Talent is, of course, a prerequisite. If your brain cannot generate a word string or the pitch-and-toss of dialogue on command, if your eye and hand cannot draw a fluid line with purpose, then it’s going to be difficult to write or paint. But usually these things can be learned; all it takes is practice and desire. And if you simply are not good at them, you won’t go far and will quickly look for something else to try. The daily task that is the secret of time simply won’t enter into the equation.

Inspiration is overrated. If you have prepared yourself with desire, a plan or outline for the story or painting in hand, clear vision of your purpose in tackling it, and the quiet mind that comes with an orderly life, then inspiration is a matter of sitting down and addressing the task. Inspiration comes from the work itself.5

It’s just a matter of putting down the remote and getting busy. And you know there’s nothing worth watching on television anyway, don’t you?

1. This applies not just to artistic endeavors and martial arts training. I know a man who used to quail at the thought of painting his house: doing all those rooms and hallways and moldings and doors in two or three days of backbreaking effort. Instead, he made painting a part of his weekend effort, for an hour or two on Saturday afternoons. He would commit himself to painting one wall of one room, or one side of a hallway, then quit. He probably spent more total time cleaning brushes than if he had tried to do the whole house in two days, but he got it done eventually and relatively painlessly. I also knew a couple who had an iron bedstead that needed to be chipped down to bare metal through several layers of old paint. Rather than try to do it all at once—with consequent hand cramps and blisters—they set the thing up in a back hallway and, every time they passed through, took two or three whacks with a scraper. It took them several months, but they got it clean. A little bit every day.

2. I’ve written books both ways. Ideally, I would like to have the outline complete down to the level of chapter and scene before I start, or shortly after I have the book idea set up with an encouraging first chapter or two. (In the old days, publishers might buy a novel on the basis of sample chapters and a finished outline—but no more. Now they want the entire book finished on spec.) I’ve also written books where I knew generally where the story had to go but worked up the outline in chunks, usually one or two sections ahead of what I call “production writing.”

3. Some people would say this is the sign of a defective character, of someone too emotionally facile or insincere to be trusted. Actually, it’s a matter of practice and discipline. The work lives apart from the artist.

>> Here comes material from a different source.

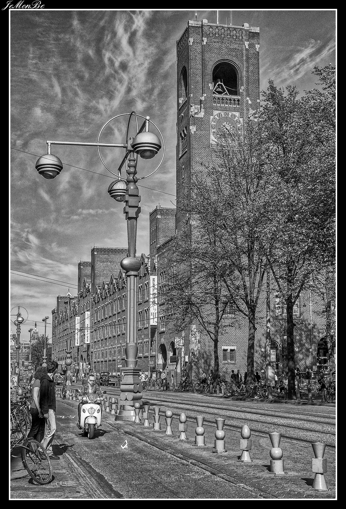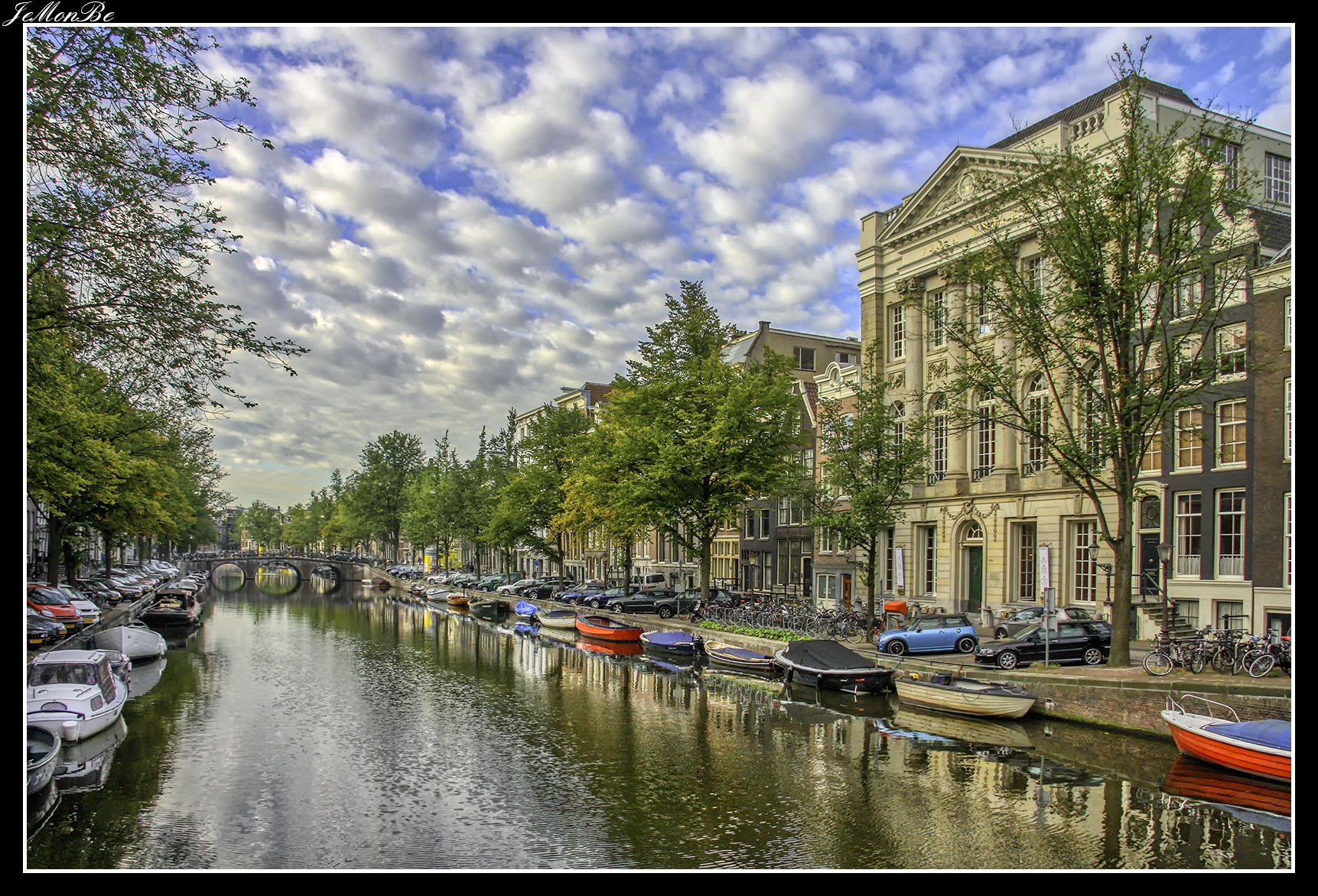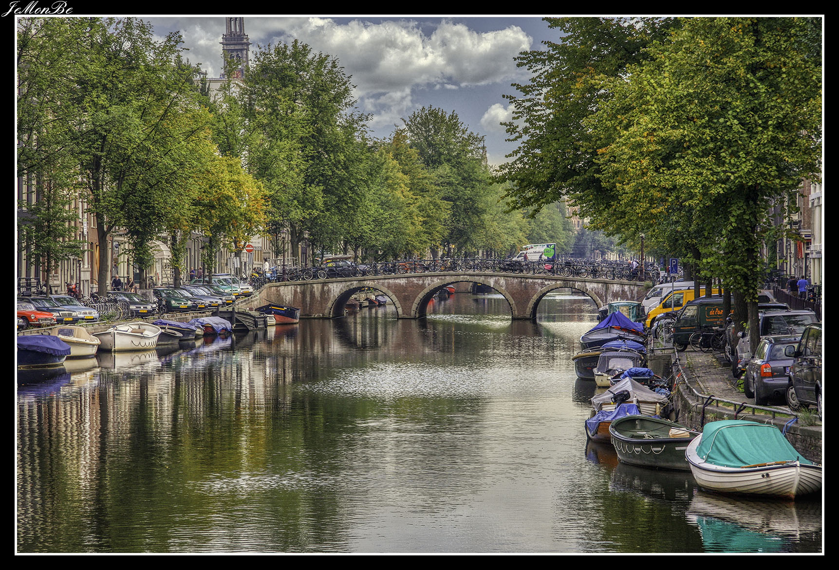 El Singel es el canal que rodeaba la ciudad en la Edad Media y sirvió como foso hasta 1585, cuando la ciudad se extendió más allá del canal y este pasó a ser la división entre la ciudad medieval y las zonas nuevas. Hoy en día es el canal más cercano al centro de la red semicircular de canales concéntricos. Al fondo vemos la Torre de la Moneda.

4. One technique I’ve found useful when interrupted right at the critical point in a scene is to space down a couple of lines and do a quick sketch of what comes next: key words, key thoughts, key action steps. This takes perhaps thirty seconds and precedes saving the file and closing down the computer. Having that fragment to work from makes starting back up much easier.

5. Sometimes what looks like inspiration does raise its head. There are times when I am supposed to be working on a story, know more or less what should come next, but can’t make myself write. I can’t even look at the keyboard. Almost always, in this situation, the “what should come next” is wrong. I know at a subconscious level, which I cannot at first put into words, that something is missing or inverted or false. Then I need to stop and rework the outline. But otherwise, let me think of the opening sentence—the phrase, emotion, sensory image, or what have you that starts the scene—and my little word generator kicks in. And then we’re off to the races.